PS- I have searched for over a week to my solution, and I am asking for help here as a last resort.
You should not be using the prefix temp$ if you are also using a data argument. The whole purpose of supplying a data argument is to allow dropping those in the formula.
seerCox <- coxph( Surv(sur, index) ~ . , data=temp4, singular.ok=TRUE)
The above would use all of the x-variables in your temp data.frame. This will use just the first 3:
seerCox <- coxph( Surv(sur, index) ~ x1+x2+x3 , data=temp4)
Exactly what the warnings signify depends on the data (as you have in one sense already exemplified by producing different sorts of collinearity with different subsets.) If you have collinear columns, then you get singularities in the inversion of the model matrix and the software will attempt to drop aliased columns with a warning. This is really telling you that you do not have enough data to build the large models you are attempting. Exploring that possibility with table calls is often informative.

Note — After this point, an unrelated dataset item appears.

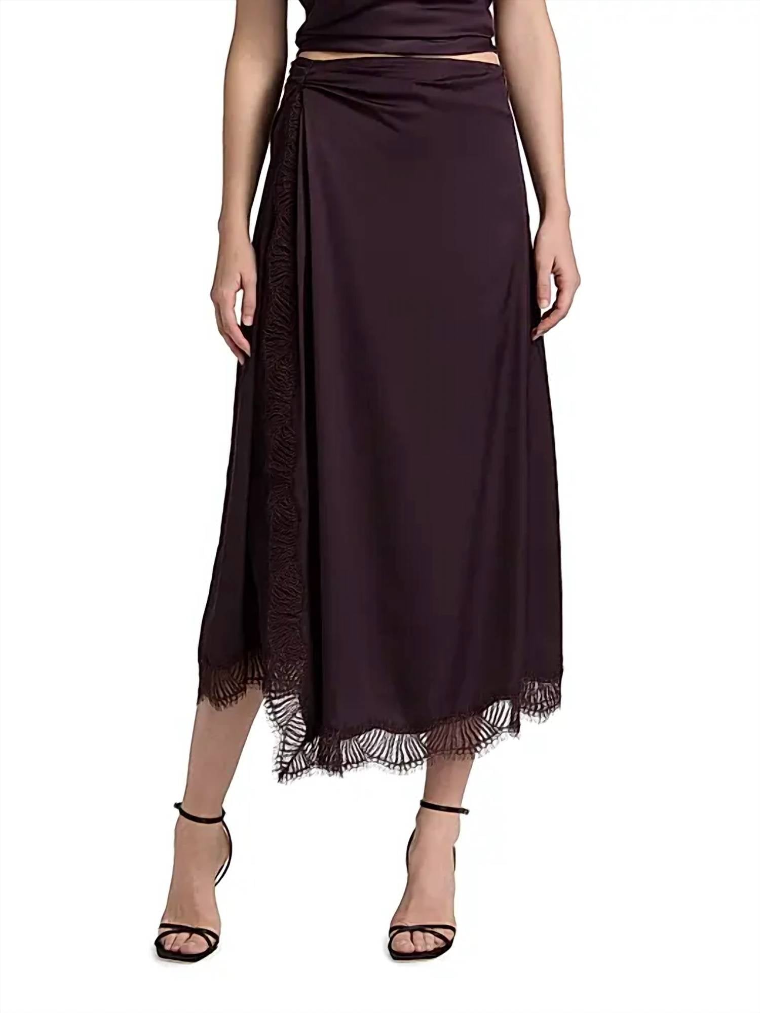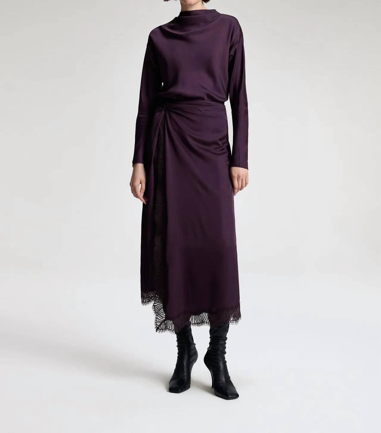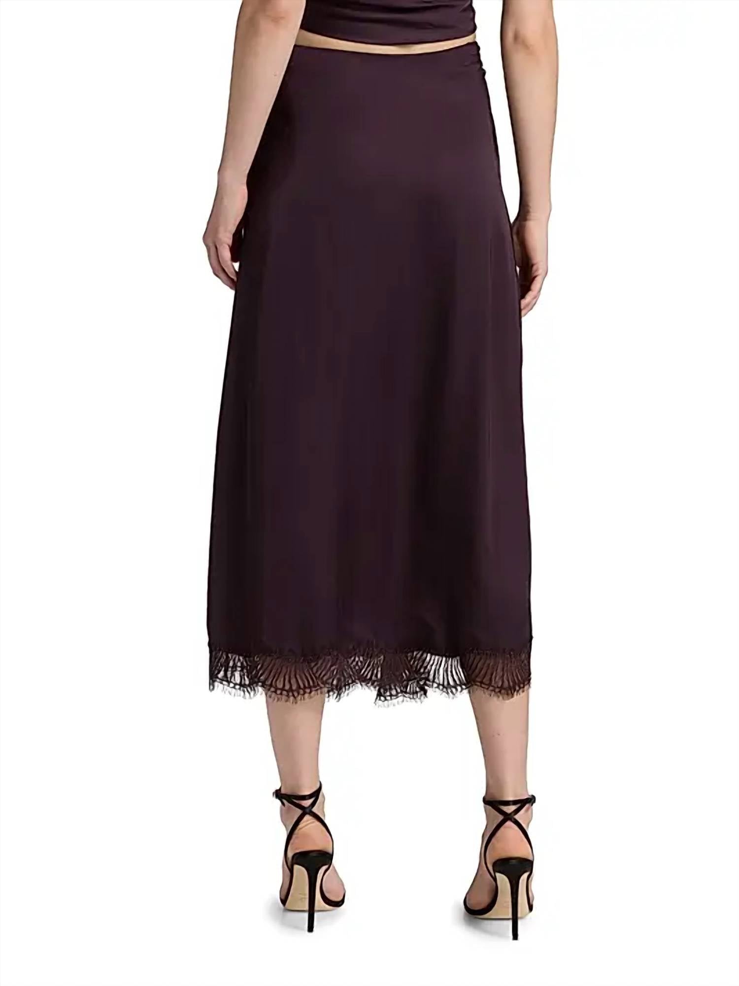 Tuck your favorite tee into this midi length skirt for an effortlessly cool look. The A.L.C. Bella Skirt in Deep Plum offers a strikingly elegant design perfect for an evening event. This women's midi skirt is made predominantly from 100% Viscose with a contrast of 100% Polyester, and it features an eye-catching asymmetrical shape with ruching at the hip. The zip closure ensures a seamless fit, and the dramatic fishtail hem imparts a sophisticated touch. For best results, dry clean only.

Bottom line: This is not a problem with your formula construction, so much as it is a problem of not understanding the limitations of the chosen method with the dataset you have assembled. You need to be more careful about defining your goals. What is the highest priority in this research? Do you really need every variable? Is it possible to aggregate some of these anonymous variables into clinically meaningful categories such as diagnostic categories or comorbities?